Given the temporal network and two mutually exclusive node labels (i.e. classes), corresponding to ‘aging-related gene’ if the given node is present in DyNetAge or ‘non-aging-related gene’ if the given node is absent from DyNetAge, we perform the same node classification analysis as in Section 3.2: we ask whether aging-related genes are closer to each other than to non-aging-related genes in the graphlet-based PCA space (here, we need to consider the first two PCA components to account for at least 90% of variation; Section 2.3). We find that the results are consistent with those from Section 3.2: (constrained) dynamic graphlets are again superior compared with static and static-temporal graphlets (Supplementary Fig. S3). Moreover, similar results hold even when we use non-network-based ‘ground truth’ aging-related data instead of DyNetAge (Supplementary Figs S4 and S5). The above analysis mimics precisely our node classification analysis from Section 3.2. Next, we perform a modified analysis: we do not consider the entire k range (Section 2.3) but instead focus only on high-scoring node pairs, i.e. on a low k threshold. We do this because we are interested in making as accurate predictions as possible (corresponding to higher precision) at the expense of reducing the number of predictions (corresponding to lower recall). Since precision drastically decreases as we increase k while recall barely increases (Supplementary Fig. S3), we study only the highest-scoring node pairs. For illustration purposes, we choose two such values of k: 0.00005 and 0.0001%. Since we are dealing with millions of node pairs, even such low k values result in sufficiently many (hundreds of) high-scoring node pairs. When we compare precision of the graphlet methods at each of the two values of k, our dynamic graphlets are again comparable or superior to static and static-temporal graphlets (left side of Table 1). All methods have the same (low) recall of 0.001, as expected for such small values of k. Similar results hold when we use non-network-based ‘ground truth’ aging-related data (Supplementary Table S6).

Table 1.

Precision of the different methods in the context of aging at the two k values when considering all node pairs (left) and ignoring all node pairs in which both genes are non-aging-related (right)

	Considering all node pairs		Ignoring non-aging-related node pairs
	k₁	k₂	k₁	k₂
Static	0.981	0.981	0.492	0.489
Static-temporal	0.992	0.992	0.915	0.788
Dynamic	0.998	0.998	0.983	0.784
Constrained dynamic	0.993	0.993	0.684	0.681
Random	0.850	0.851	0.041	0.035

For each method, the highest-scoring graphlet size is chosen. In a column, the value in bold is the best result over all methods.

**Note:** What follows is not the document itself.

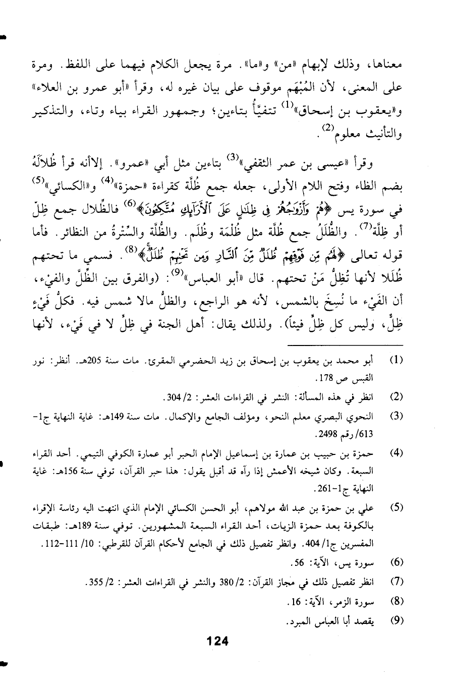 معناها، وذلك لإبهام من وما. مرة يجعل الكلام فيهما على اللفظ. ومرة على المعنى، لأن المُبْهَم موقوف على بيان غيره له،

Precision of the different methods in the context of aging at the two k values when considering all node pairs (left) and ignoring all node pairs in which both genes are non-aging-related (right) For each method, the highest-scoring graphlet size is chosen. In a column, the value in bold is the best result over all methods. Finally, we perform an additional analysis to evaluate the different graphlet approaches in the context of aging. Since in the following section we aim to predict novel aging-related knowledge, and since there are significantly many more non-aging-related than aging-related genes in the network data, we perform the same evaluation as above (considering the same two k values) while discarding all of the highest scoring node pairs in which both genes are non-aging-related. We do this because node pairs in which both genes are non-aging-related would mistakenly lead to high precision (this is exactly why the random approach has a high precision in the left side of Table 1). Again, we find that dynamic graphlets are overall superior to static and static-temporal graphlets (right side of Table 1). Note that the lower precision values in the previous analysis (left side of Table 1) compared with this analysis (right side of Table 1) are expected. This is because the number of false positives (gene pairs involving an aging-related gene and a non-aging-related gene) stays the same, while the number of true positives decreases (since we have removed some of the true positive gene pairs, i.e. those pairs involving two non-aging-related genes).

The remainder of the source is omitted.